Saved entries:
┄┄┄┄┄┄┄┄┄┄
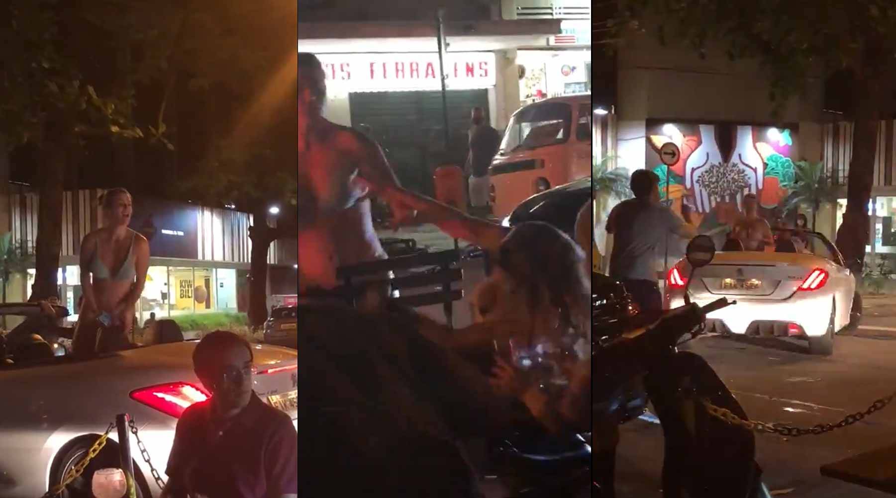 Segue a sinopse. Um carro conversível passa lentamente por uma rua nobre do Rio de Janeiro, e o primeiro impacto é pura engenharia estética: uma mulher de biquíni à noite. Ela se destaca na parte alta do carro, com seu corpão impondo-se aos passantes como um outdoor. Em movimento de sutil sensualidade, a gata se inclina em direção ao condutor do veículo, exibindo ainda mais seus predicados aos inocentes do Leblon.
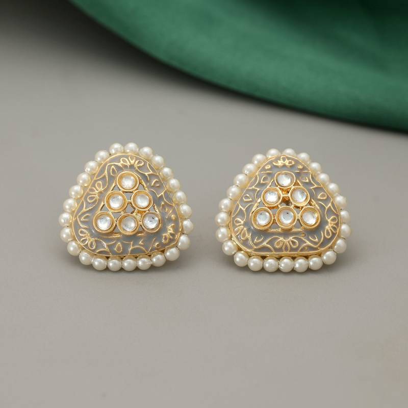 | Product Description | Earring Length: 2.70 Cm X Width: 2.70 Cm | Metal: Alloy With Good Quality Golod Plated | Color: Grey | Stone: Glass Stone | Gross Weight: 11.00 Grams | Package Content: 1 Pair Of Earrings | Back Finding: Post With Friction Back X Earring Style: Stud |
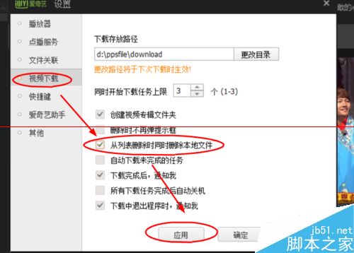 3、在【設置】界面下,點擊選擇【視頻下載】--勾選【從列表刪除時同時刪除本地文件】--【應用】選項完成設置。(如圖所示)
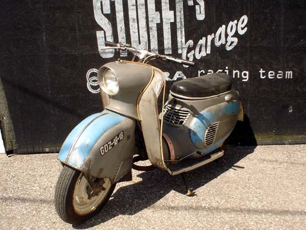 Anmerkungen: originaler Zustand, läuft gut, sehr eigenwillige Konstruktion mit einem gedrehten Motorradmotor
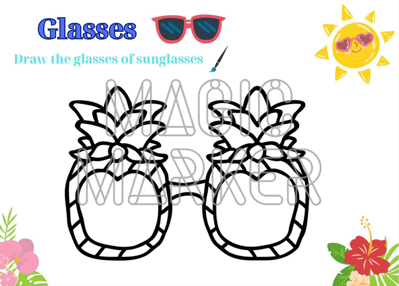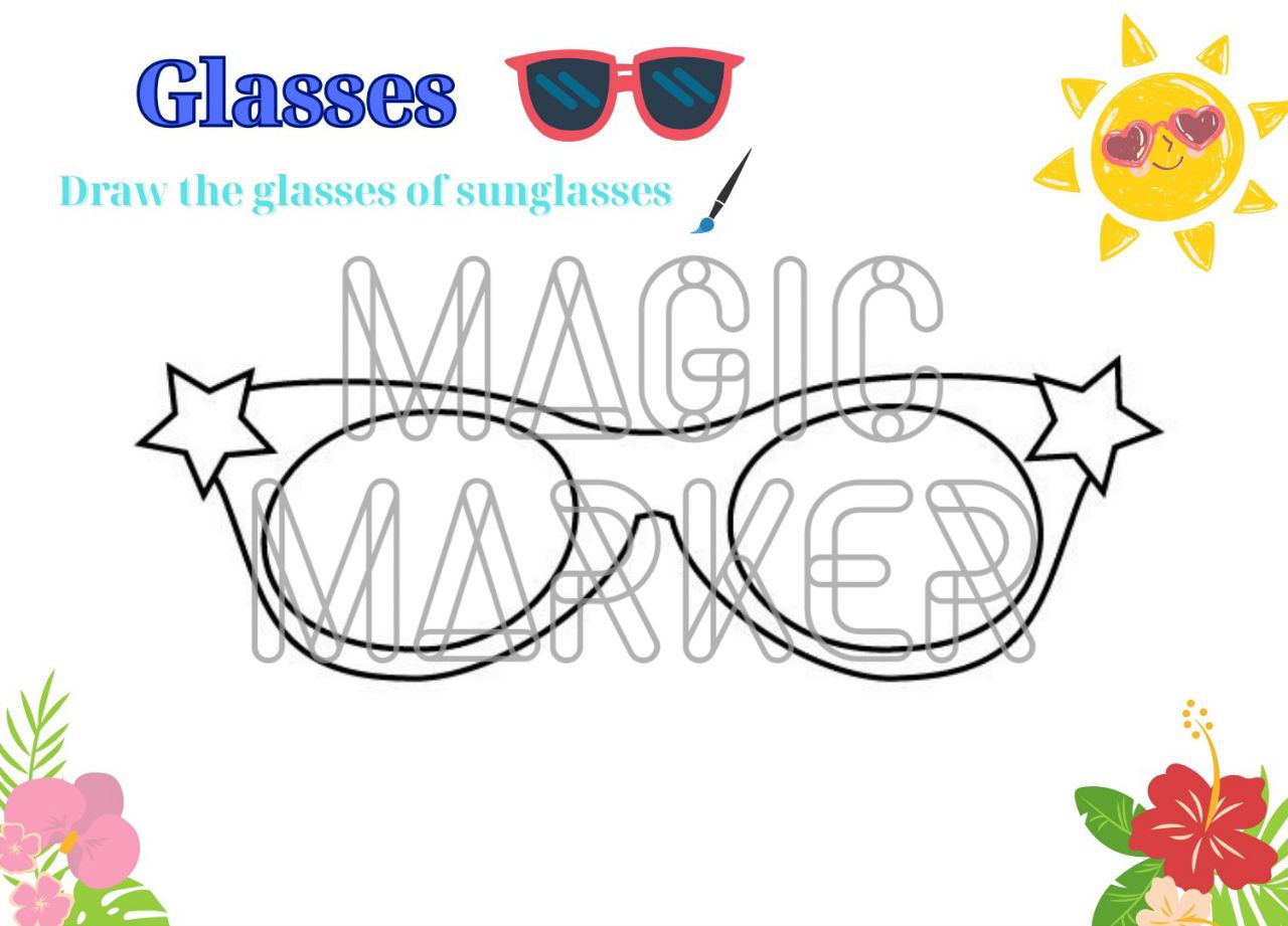 The child is asked to draw a thematic image associated with summer - sunglasses. The sheet contains one large image of sunglasses. Different types of coloring will help to develop hand-eye coordination, visual perception, and fine motor skills - skills needed in the pre-writing period to prepare the hand for writing. Interesting plots in the pictures will develop imagination, interest children and encourage them to work hard. The material was created to help preschool teachers, teachers of developmental and correctional centers, as well as parents - for interesting lessons and useful leisure.
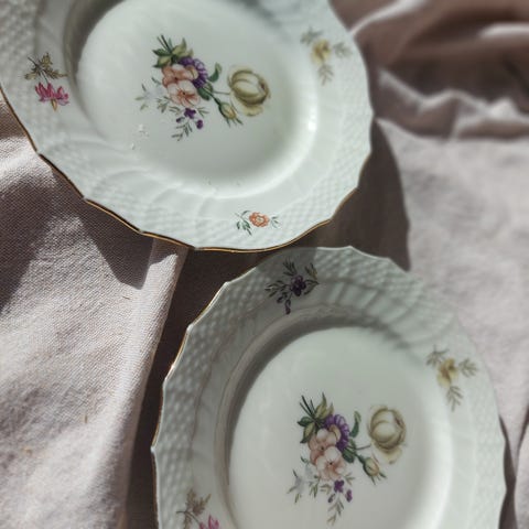 Tallerkenerne er runde og fremstillet i porcelæn med hvid bundfarve, grøn kantlinje og gule blomster med grønne blade som dekoration.
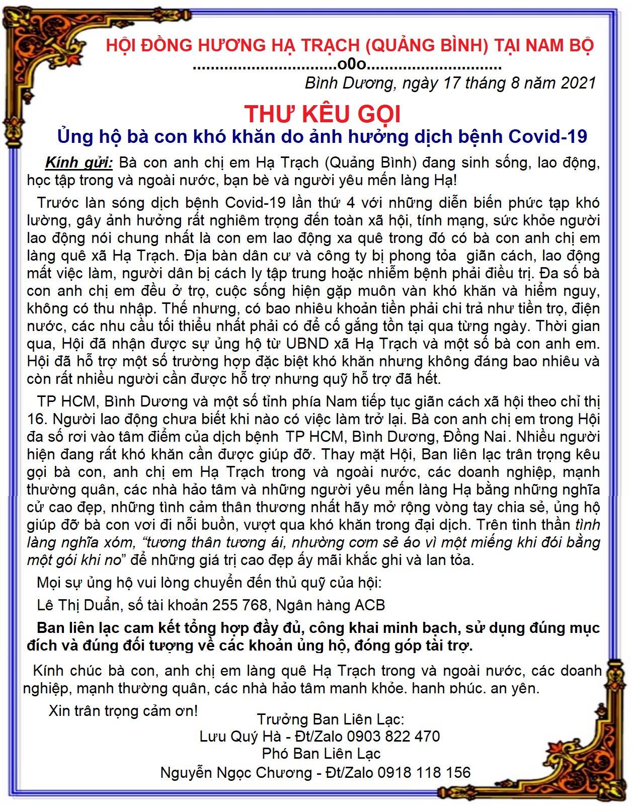 Thư kêu gọi17:41 - 18/08/2021 Thư của kêu gọi ủng hộ bà con khó khăn do ảnh hưởng của dịch Covid 19 của Hội đồng hương Hạ Trạch tại khu vực Nam Bộ Tác giả: Lưu Quý HàChia sẻ:
┄┄┄┄┄┄┄┄┄┄
**Problem to solve:** Print exactly, with no pictures, the lines above from the one that holds "Anmerkungen: originaler Zustand, läuft" through the one that holds "The child is", both of them included.

**Exercise answer:**
 Anmerkungen: originaler Zustand, läuft gut, sehr eigenwillige Konstruktion mit einem gedrehten Motorradmotor
 The child is asked to draw a thematic image associated with summer - sunglasses. The sheet contains one large image of sunglasses. Different types of coloring will help to develop hand-eye coordination, visual perception, and fine motor skills - skills needed in the pre-writing period to prepare the hand for writing. Interesting plots in the pictures will develop imagination, interest children and encourage them to work hard. The material was created to help preschool teachers, teachers of developmental and correctional centers, as well as parents - for interesting lessons and useful leisure.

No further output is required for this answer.